*** Opening of INPUT ***
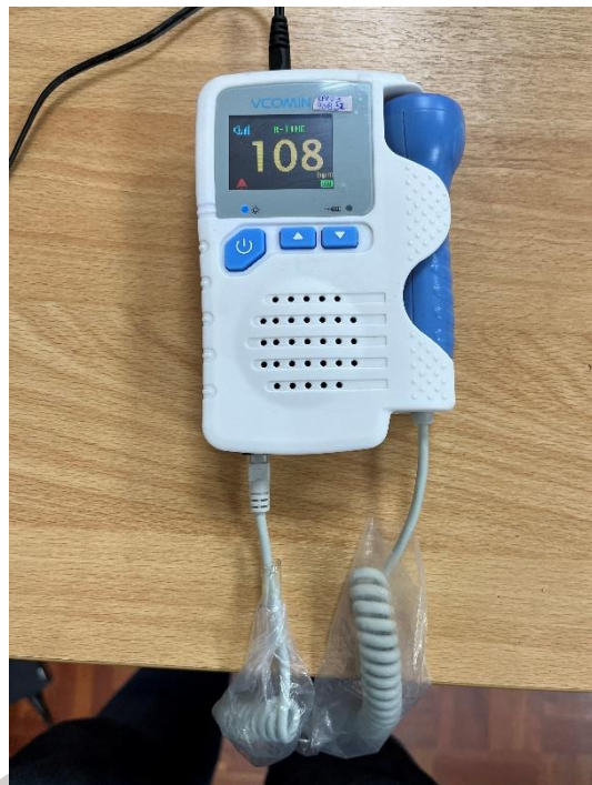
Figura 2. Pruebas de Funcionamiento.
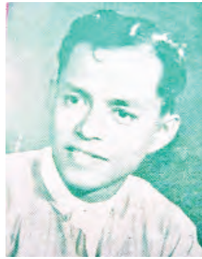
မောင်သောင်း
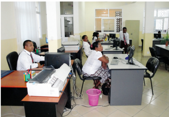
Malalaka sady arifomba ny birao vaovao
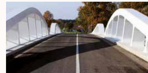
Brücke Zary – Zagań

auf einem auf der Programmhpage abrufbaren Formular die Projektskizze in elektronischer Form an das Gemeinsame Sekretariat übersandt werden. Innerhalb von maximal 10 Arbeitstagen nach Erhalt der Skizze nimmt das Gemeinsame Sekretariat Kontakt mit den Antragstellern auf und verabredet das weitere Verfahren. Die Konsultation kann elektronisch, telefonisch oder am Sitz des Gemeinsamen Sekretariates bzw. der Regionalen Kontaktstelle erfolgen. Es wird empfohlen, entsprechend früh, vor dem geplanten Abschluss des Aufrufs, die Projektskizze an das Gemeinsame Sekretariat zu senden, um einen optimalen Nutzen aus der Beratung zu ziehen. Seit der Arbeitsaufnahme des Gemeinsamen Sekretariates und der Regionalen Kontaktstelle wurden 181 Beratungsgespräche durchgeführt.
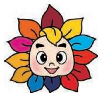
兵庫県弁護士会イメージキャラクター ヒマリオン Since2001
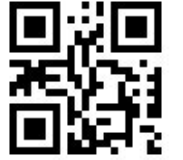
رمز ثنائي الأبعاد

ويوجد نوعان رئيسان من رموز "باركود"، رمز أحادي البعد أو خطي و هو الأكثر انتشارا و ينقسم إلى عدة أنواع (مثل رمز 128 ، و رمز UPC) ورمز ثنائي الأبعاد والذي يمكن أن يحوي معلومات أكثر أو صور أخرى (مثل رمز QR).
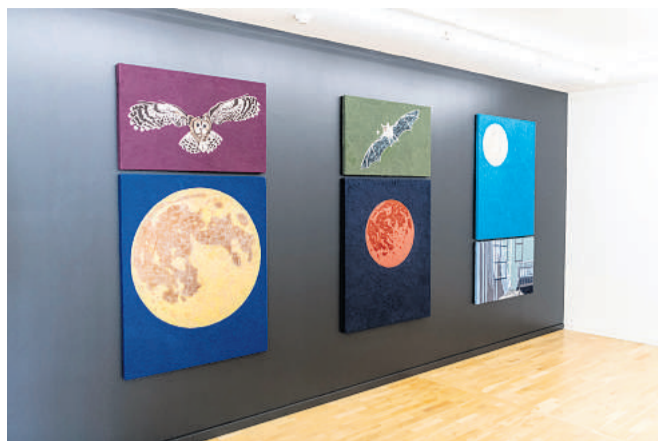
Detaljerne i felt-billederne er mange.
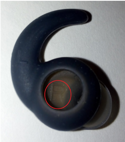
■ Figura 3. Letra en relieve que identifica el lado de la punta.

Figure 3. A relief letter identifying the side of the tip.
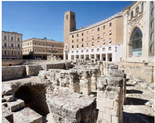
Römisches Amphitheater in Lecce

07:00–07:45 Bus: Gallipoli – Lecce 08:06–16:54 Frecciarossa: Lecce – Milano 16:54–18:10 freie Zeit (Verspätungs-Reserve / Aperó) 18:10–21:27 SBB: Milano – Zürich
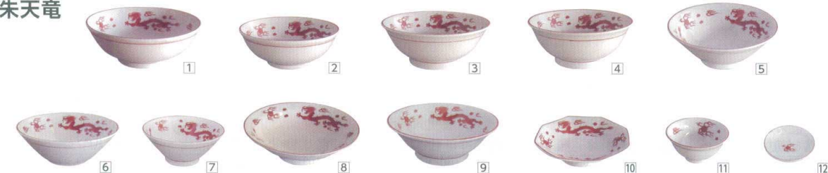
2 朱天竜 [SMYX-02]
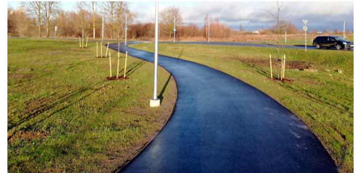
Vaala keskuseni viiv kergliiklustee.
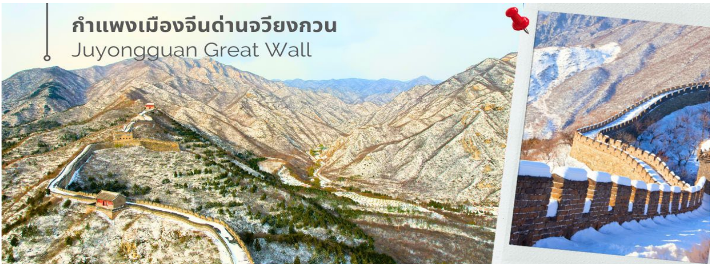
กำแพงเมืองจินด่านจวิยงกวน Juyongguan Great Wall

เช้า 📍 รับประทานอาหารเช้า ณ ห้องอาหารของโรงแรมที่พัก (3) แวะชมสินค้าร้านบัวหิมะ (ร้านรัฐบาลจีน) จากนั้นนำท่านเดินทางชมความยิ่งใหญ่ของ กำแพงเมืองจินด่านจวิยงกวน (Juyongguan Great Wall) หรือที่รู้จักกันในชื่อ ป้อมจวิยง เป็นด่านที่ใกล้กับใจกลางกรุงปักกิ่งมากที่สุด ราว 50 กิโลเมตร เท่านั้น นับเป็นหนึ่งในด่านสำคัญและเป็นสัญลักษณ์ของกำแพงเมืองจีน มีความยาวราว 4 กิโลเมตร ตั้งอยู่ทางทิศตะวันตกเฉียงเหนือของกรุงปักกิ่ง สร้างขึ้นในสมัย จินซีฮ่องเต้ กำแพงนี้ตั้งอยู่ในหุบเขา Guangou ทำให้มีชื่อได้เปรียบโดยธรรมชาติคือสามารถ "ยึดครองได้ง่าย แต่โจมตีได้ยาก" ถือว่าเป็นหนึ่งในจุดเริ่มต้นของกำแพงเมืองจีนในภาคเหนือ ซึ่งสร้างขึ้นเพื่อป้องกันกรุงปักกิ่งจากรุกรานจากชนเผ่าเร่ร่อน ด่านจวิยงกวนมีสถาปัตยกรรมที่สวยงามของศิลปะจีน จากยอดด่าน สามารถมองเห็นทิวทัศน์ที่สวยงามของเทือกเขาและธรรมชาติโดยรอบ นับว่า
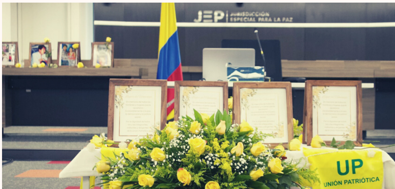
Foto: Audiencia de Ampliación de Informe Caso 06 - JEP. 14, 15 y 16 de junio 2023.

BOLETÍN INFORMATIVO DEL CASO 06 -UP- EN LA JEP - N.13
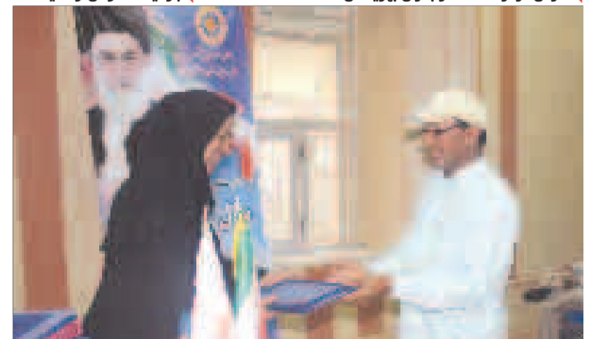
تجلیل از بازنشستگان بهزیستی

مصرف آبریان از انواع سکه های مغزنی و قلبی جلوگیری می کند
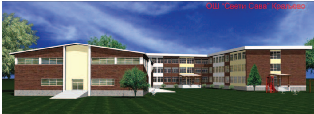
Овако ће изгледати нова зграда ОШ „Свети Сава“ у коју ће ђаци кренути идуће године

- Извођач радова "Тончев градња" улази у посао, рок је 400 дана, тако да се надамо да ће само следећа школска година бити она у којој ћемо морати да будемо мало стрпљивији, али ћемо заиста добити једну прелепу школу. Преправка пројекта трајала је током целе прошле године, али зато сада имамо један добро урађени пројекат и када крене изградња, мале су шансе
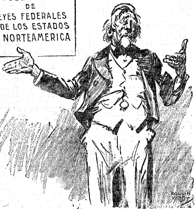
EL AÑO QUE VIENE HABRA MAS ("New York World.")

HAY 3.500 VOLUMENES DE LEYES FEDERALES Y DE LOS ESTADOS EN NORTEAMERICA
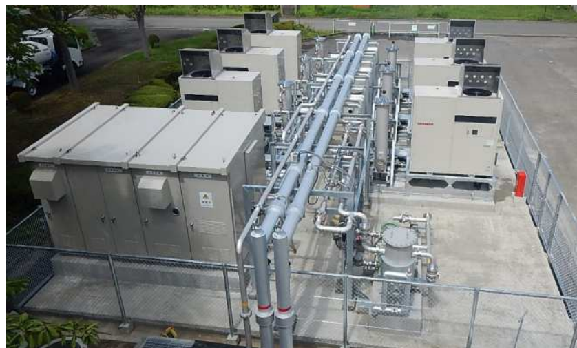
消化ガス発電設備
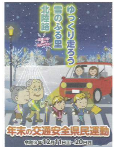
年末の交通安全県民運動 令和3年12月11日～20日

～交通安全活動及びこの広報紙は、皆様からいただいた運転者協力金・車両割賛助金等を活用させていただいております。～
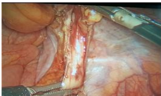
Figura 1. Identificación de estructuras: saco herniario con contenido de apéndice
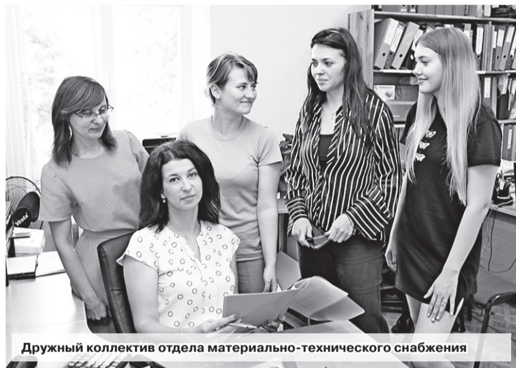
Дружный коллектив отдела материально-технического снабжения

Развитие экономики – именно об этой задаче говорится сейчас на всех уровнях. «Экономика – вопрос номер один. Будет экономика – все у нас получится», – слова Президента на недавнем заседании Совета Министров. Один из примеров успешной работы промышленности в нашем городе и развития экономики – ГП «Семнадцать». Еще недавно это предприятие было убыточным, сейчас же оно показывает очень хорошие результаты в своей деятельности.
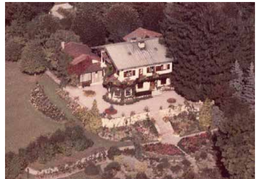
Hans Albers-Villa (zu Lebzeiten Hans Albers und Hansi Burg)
*** Close of INPUT ***
Output the lines above in full and exactly as given, omitting any pictures.

### SOLUTION FOR THIS EXERCISE
Figura 2. Pruebas de Funcionamiento.
မောင်သောင်း
Malalaka sady arifomba ny birao vaovao
Brücke Zary – Zagań

auf einem auf der Programmhpage abrufbaren Formular die Projektskizze in elektronischer Form an das Gemeinsame Sekretariat übersandt werden. Innerhalb von maximal 10 Arbeitstagen nach Erhalt der Skizze nimmt das Gemeinsame Sekretariat Kontakt mit den Antragstellern auf und verabredet das weitere Verfahren. Die Konsultation kann elektronisch, telefonisch oder am Sitz des Gemeinsamen Sekretariates bzw. der Regionalen Kontaktstelle erfolgen. Es wird empfohlen, entsprechend früh, vor dem geplanten Abschluss des Aufrufs, die Projektskizze an das Gemeinsame Sekretariat zu senden, um einen optimalen Nutzen aus der Beratung zu ziehen. Seit der Arbeitsaufnahme des Gemeinsamen Sekretariates und der Regionalen Kontaktstelle wurden 181 Beratungsgespräche durchgeführt.
兵庫県弁護士会イメージキャラクター ヒマリオン Since2001
رمز ثنائي الأبعاد

ويوجد نوعان رئيسان من رموز "باركود"، رمز أحادي البعد أو خطي و هو الأكثر انتشارا و ينقسم إلى عدة أنواع (مثل رمز 128 ، و رمز UPC) ورمز ثنائي الأبعاد والذي يمكن أن يحوي معلومات أكثر أو صور أخرى (مثل رمز QR).
Detaljerne i felt-billederne er mange.
■ Figura 3. Letra en relieve que identifica el lado de la punta.

Figure 3. A relief letter identifying the side of the tip.
Römisches Amphitheater in Lecce

07:00–07:45 Bus: Gallipoli – Lecce 08:06–16:54 Frecciarossa: Lecce – Milano 16:54–18:10 freie Zeit (Verspätungs-Reserve / Aperó) 18:10–21:27 SBB: Milano – Zürich
2 朱天竜 [SMYX-02]
Vaala keskuseni viiv kergliiklustee.
กำแพงเมืองจินด่านจวิยงกวน Juyongguan Great Wall

เช้า 📍 รับประทานอาหารเช้า ณ ห้องอาหารของโรงแรมที่พัก (3) แวะชมสินค้าร้านบัวหิมะ (ร้านรัฐบาลจีน) จากนั้นนำท่านเดินทางชมความยิ่งใหญ่ของ กำแพงเมืองจินด่านจวิยงกวน (Juyongguan Great Wall) หรือที่รู้จักกันในชื่อ ป้อมจวิยง เป็นด่านที่ใกล้กับใจกลางกรุงปักกิ่งมากที่สุด ราว 50 กิโลเมตร เท่านั้น นับเป็นหนึ่งในด่านสำคัญและเป็นสัญลักษณ์ของกำแพงเมืองจีน มีความยาวราว 4 กิโลเมตร ตั้งอยู่ทางทิศตะวันตกเฉียงเหนือของกรุงปักกิ่ง สร้างขึ้นในสมัย จินซีฮ่องเต้ กำแพงนี้ตั้งอยู่ในหุบเขา Guangou ทำให้มีชื่อได้เปรียบโดยธรรมชาติคือสามารถ "ยึดครองได้ง่าย แต่โจมตีได้ยาก" ถือว่าเป็นหนึ่งในจุดเริ่มต้นของกำแพงเมืองจีนในภาคเหนือ ซึ่งสร้างขึ้นเพื่อป้องกันกรุงปักกิ่งจากรุกรานจากชนเผ่าเร่ร่อน ด่านจวิยงกวนมีสถาปัตยกรรมที่สวยงามของศิลปะจีน จากยอดด่าน สามารถมองเห็นทิวทัศน์ที่สวยงามของเทือกเขาและธรรมชาติโดยรอบ นับว่า
Foto: Audiencia de Ampliación de Informe Caso 06 - JEP. 14, 15 y 16 de junio 2023.

BOLETÍN INFORMATIVO DEL CASO 06 -UP- EN LA JEP - N.13
تجلیل از بازنشستگان بهزیستی

مصرف آبریان از انواع سکه های مغزنی و قلبی جلوگیری می کند
Овако ће изгледати нова зграда ОШ „Свети Сава“ у коју ће ђаци кренути идуће године

- Извођач радова "Тончев градња" улази у посао, рок је 400 дана, тако да се надамо да ће само следећа школска година бити она у којој ћемо морати да будемо мало стрпљивији, али ћемо заиста добити једну прелепу школу. Преправка пројекта трајала је током целе прошле године, али зато сада имамо један добро урађени пројекат и када крене изградња, мале су шансе
EL AÑO QUE VIENE HABRA MAS ("New York World.")

HAY 3.500 VOLUMENES DE LEYES FEDERALES Y DE LOS ESTADOS EN NORTEAMERICA
消化ガス発電設備
年末の交通安全県民運動 令和3年12月11日～20日

～交通安全活動及びこの広報紙は、皆様からいただいた運転者協力金・車両割賛助金等を活用させていただいております。～
Figura 1. Identificación de estructuras: saco herniario con contenido de apéndice
Дружный коллектив отдела материально-технического снабжения

Развитие экономики – именно об этой задаче говорится сейчас на всех уровнях. «Экономика – вопрос номер один. Будет экономика – все у нас получится», – слова Президента на недавнем заседании Совета Министров. Один из примеров успешной работы промышленности в нашем городе и развития экономики – ГП «Семнадцать». Еще недавно это предприятие было убыточным, сейчас же оно показывает очень хорошие результаты в своей деятельности.
Hans Albers-Villa (zu Lebzeiten Hans Albers und Hansi Burg)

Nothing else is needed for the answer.